No. Is the machine running Squid has both Interface for both the subnets in
order to be able to route between the two. If it is then that machine would
be the default gateway. But still you require a machanism to redirect web
trafic to the proxy server. That can be done using the Cisco Router. I dont
know how because I have not worked on Cisco, but the lines are there in the
FAQ. In order to do transparent proxy the web traffic has to be diverted to
the proxy port of your squid. simpily redirecting would not acieve

> If the above assumption is correct, this would mean all of my dial-up
> user's packets would be flowing through my FreeBSD Box, correct?

Yes if it has both interfaces and is setup to do IP forwarding. But that
would not serve the purpose.

> All I would want is to transparently proxy Web requests, no FTP (squid
> doesn't handle FTP PUTs and I don't really want to transparently proxy
> install Socks5, either). Would there be anything special I might need to
> setup in FreeBSD's /etc/rc.conf file as well? I noticed the FAQ doesn't
> mention anything about this (nor did ipfilter's home-page) but I want to
> safe than sorry. I'm specifically concerned about the line in FreeBSD's
> /etc/rc.conf 'gateway_enable'. Currently this variable is set to "NO"
> my initial assumptions are to set this to "YES", but since I can't find
> mention of it in the FAQ, I'm a little apprehensive. The rc.conf
> 'router_enable' is also set to "NO", too.

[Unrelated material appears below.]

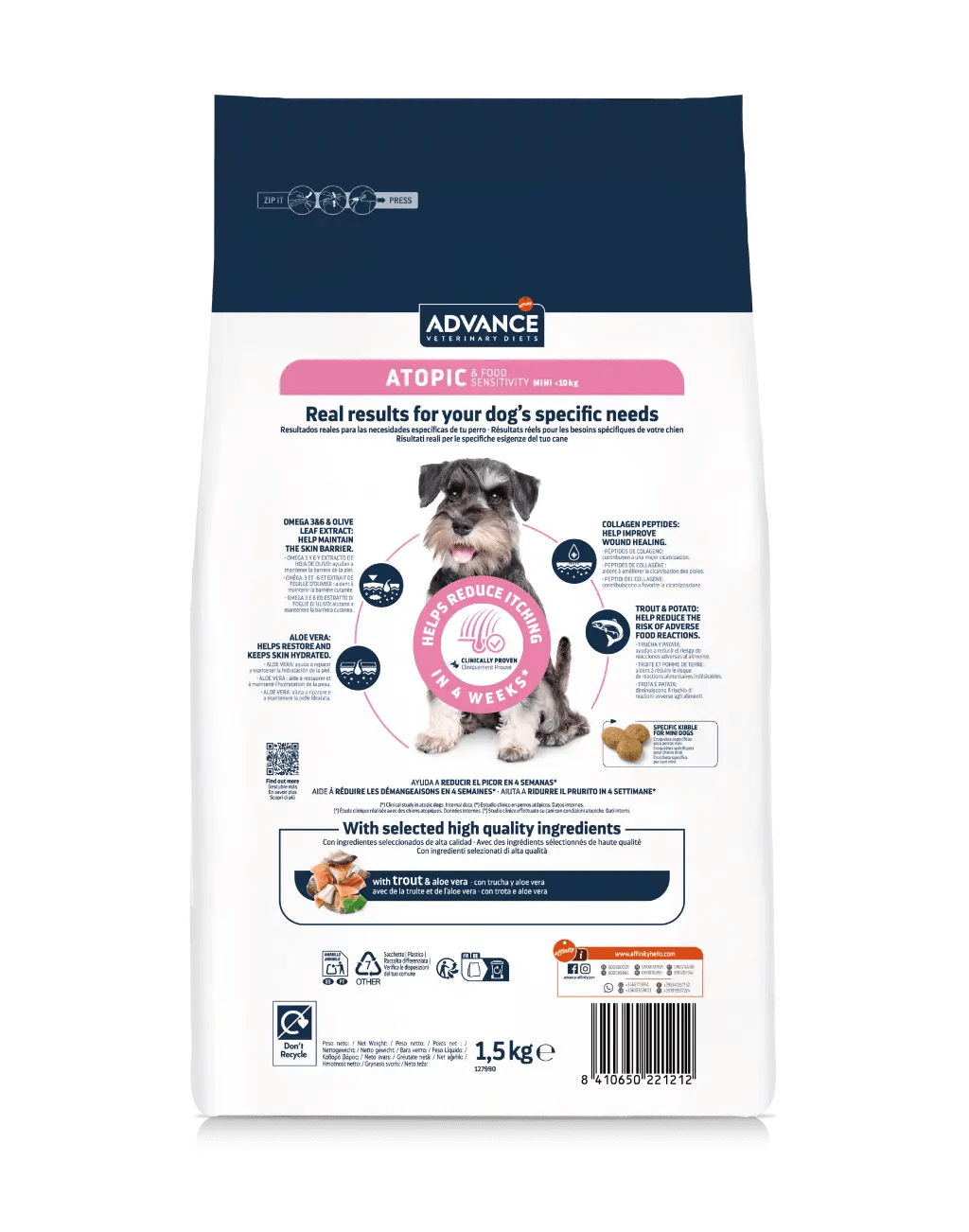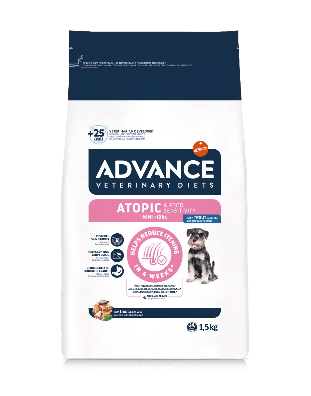• ADVANCE VETERINARY DIETS Atopic Mini este o hrană dietetică, pentru câini adulți și căței de peste 4 luni de talie mică, formulată pentru îngrijirea pielii în caz de dermatită atopică și pentru reducerea intoleranțelor la ingrediente și nutrienți.

You need to redirect the web traffic and set up squid to do transparent
proxy so that the headers can be modified. How to setup squid to do
tansparent proxy is defined in the FAQ. I dont know the router part. Tell
me how you do it.

> <FAQ>Put these lines in /etc/ipnat.rules:
> # Redirect direct web traffic to local web server.
> rdr de0 port 80 -> port 80 tcp

This is if you have web server runnning on the local machine which is doing
IP forwarding and is a gateway between different nets.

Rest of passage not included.